I looked up the code and law unfolded like tulip petals. The first thing I noticed was that under Englewood's Group Home code, we were in full compliance to host unrelated people in our district.
The City's term R-3 was listed on our permit as a kind of single-family style of home. Mr. Smith had written a memo to City Manager Sears telling him there was no difference in the building standards between single-family homes and boarding houses.
In fact, if we wanted to, we could have shared the house with 8 unrelated people, 2 per bed-room. This law showed not only that we were within our rights, not outside them, but also that we had not abused our rights. Ours was a home for study and reflection. No dangerous issues of too many people had ever occurred here.
The City called it a "boarding house." With a huge sigh of relief, we decided to be a residential boarding house. We looked over State codes and health codes and found that no permits or licenses were required because we were still only a private residence. This suited us fine and we decided to rely on it whole-heartedly. But, why hadn't the City Manager ever let on to us about it? Surely he knew about the codes enacted during his tenure as Manager?
On January 15, 2008, City Manager Sears was responsible for serving us with a Summons and Complaint, in layman's terms, it was a groundless and malicious prosecution. We were appalled. Didn't there have to be some correlation of facts behind a City's Complaint?

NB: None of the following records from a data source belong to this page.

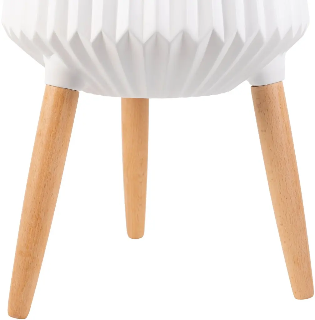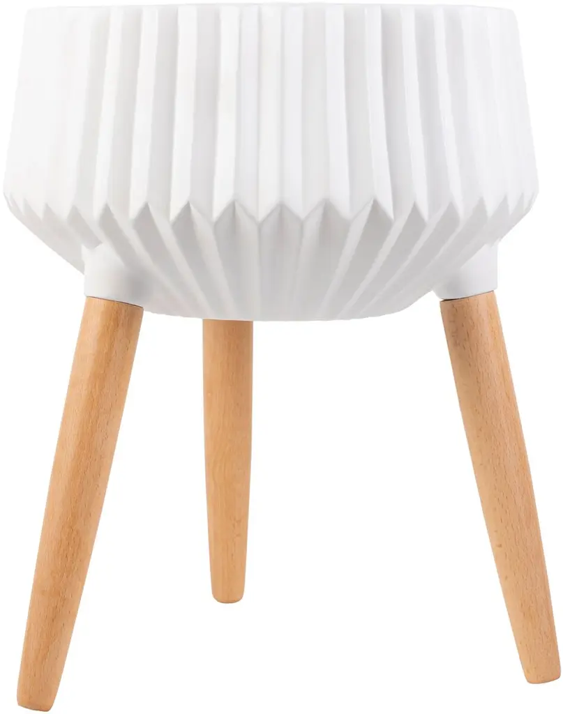 In an inviting juxtaposition of textures and shapes, splayed wood legs support a round white ceramic planter.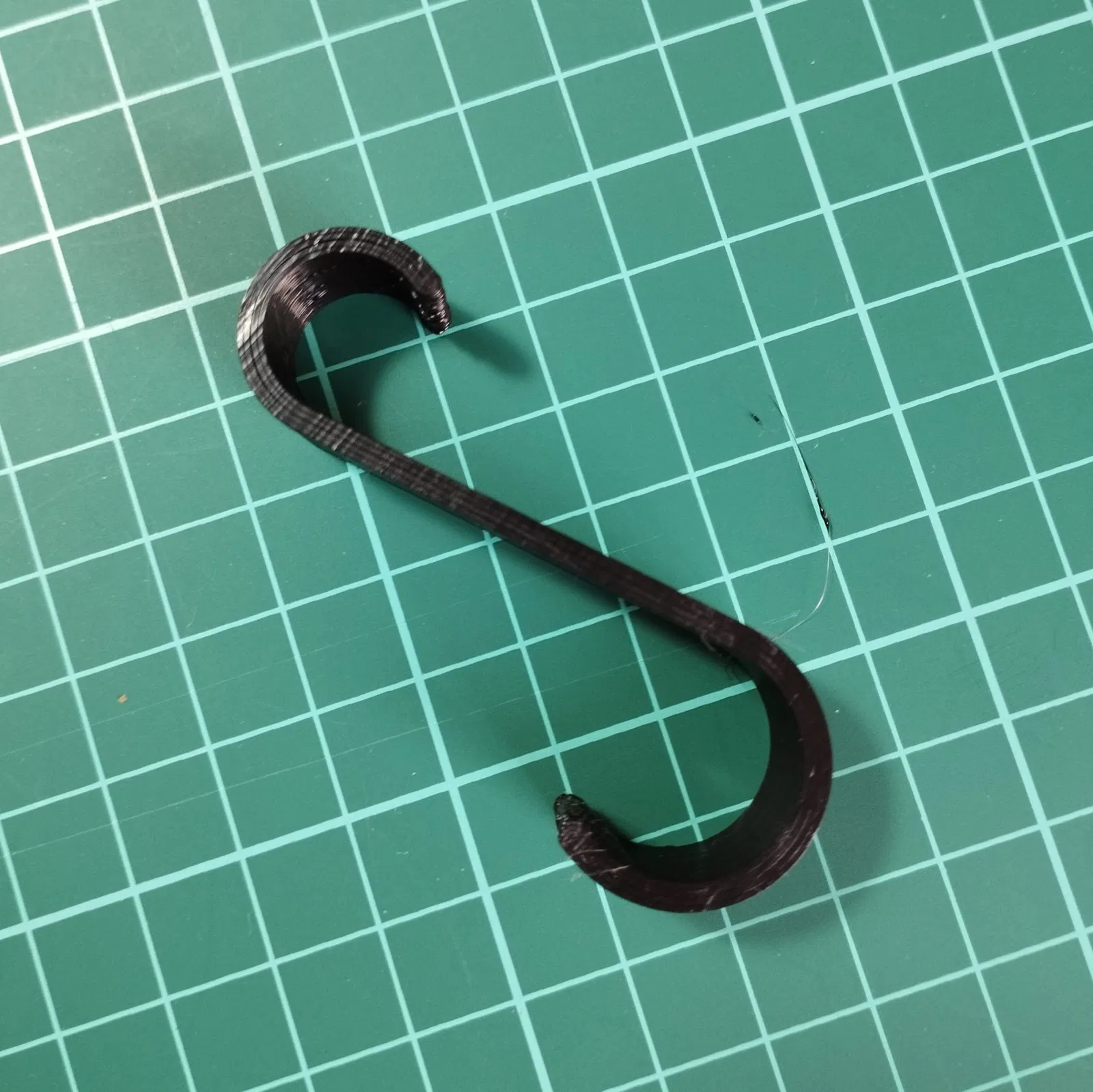 Chiếc móc treo chữ S này rất dễ sử dụng, bạn có thể bẻ cong nó bằng cách hơ nóng phần giữa cho đến khi mềm. File đi kèm vừa với thanh treo dày 13mm và có cả file f3d để bạn tùy chỉnh theo ý thích.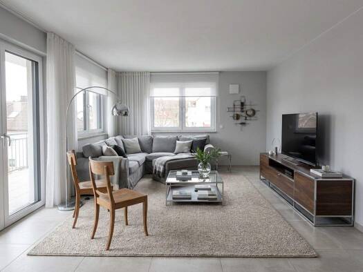 Diese helle teilmöblierte 2-Zimmer-Wohnung mit ca. 61 m² Wohnfläche befindet sich im Zentrum der Stadt Penzberg. Sie betreten die Wohnung über den gefliesten Flur und gelangen von hier aus in alle Räume. Wohnzimmer als auch Schlafzimmer sind mit einem hellen Laminatboden ausgestattet. Die raumhohen Fenster schaffen eine besondere Wohnatmosphäre. Die Küche bietet ausreichend Platz um am lichtdurchfluteten Esstisch Ihre Mahlzeiten genießen zu können. Vom geräumigen Wohnzimmer gelangt man auf den ...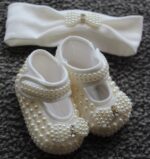 Baby Girls Bootees with Pearls & Headband 2 Piece Set by Couche Tot – Ivory or White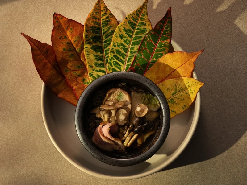 這道料理致敬的是茶泡飯(茶漬け)延伸而來,也是在日本被視為能調(diào)養(yǎng)身心的療癒之食。在長期與獵人與採集野菇的職人合作,依照季節(jié)與當日採集到的食材設(shè)計菜單。主廚還提到,他的每天都會帶來不同種類的菇,而那天有什么,他就煮什么;野味則來自職業(yè)獵人打到的當日獵獲。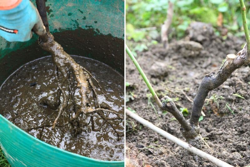 2- Si vous plantez un rosier en racines nues, préparez un pralin en mélangeant de la terre de jardin, du compost bien mûr et un peu d'eau pour obtenir une boue épaisse. Trempez les racines pendant une heure dans ce mélange pour les enrober. Cette bouillie protège les racines et augmente les chances de reprise.

I complained about Gary Sears to his professional management association that he was depriving us of due process and had broken trust with us as to our building permits also. I complained to the Supreme Court about the City attorneys' involvement.
We wrote a Motion to Dismiss and another for Summary Judgment. Nothing happened. We were forced to hire an special zoning attorney for the conference at ten times the amount my husband makes working at Craig Hospital. At pre-trial, we conferred with the City's special prosecutor and told him that our research showed we had found our affirmative defense in the City's Boarding House code.
I also asked the City for an Appeal of Lance Smith's refusal to perform the final inspection. The City refused using a flimsy excuse that I had waited too long to request an appeal. It was later that I found out that Inspector Craig had closed out our plumbing and mechanical permits without further claim against us.
Soon after, Special Prosecutor Alan Katz, whom the City had hired because of our complaints against their own attorneys, wrote his own Motion to Dismiss, and I discovered on my birthday that the Judge had approved it. Nothing could have made us happier.
An attorney for Cherry Hills later told us he had never seen an attorney get a municipal case dismissed before, much less by a regular person. We celebrated that evening at a local Englewood eatery with friends, cheers all around and unanimous congratulations.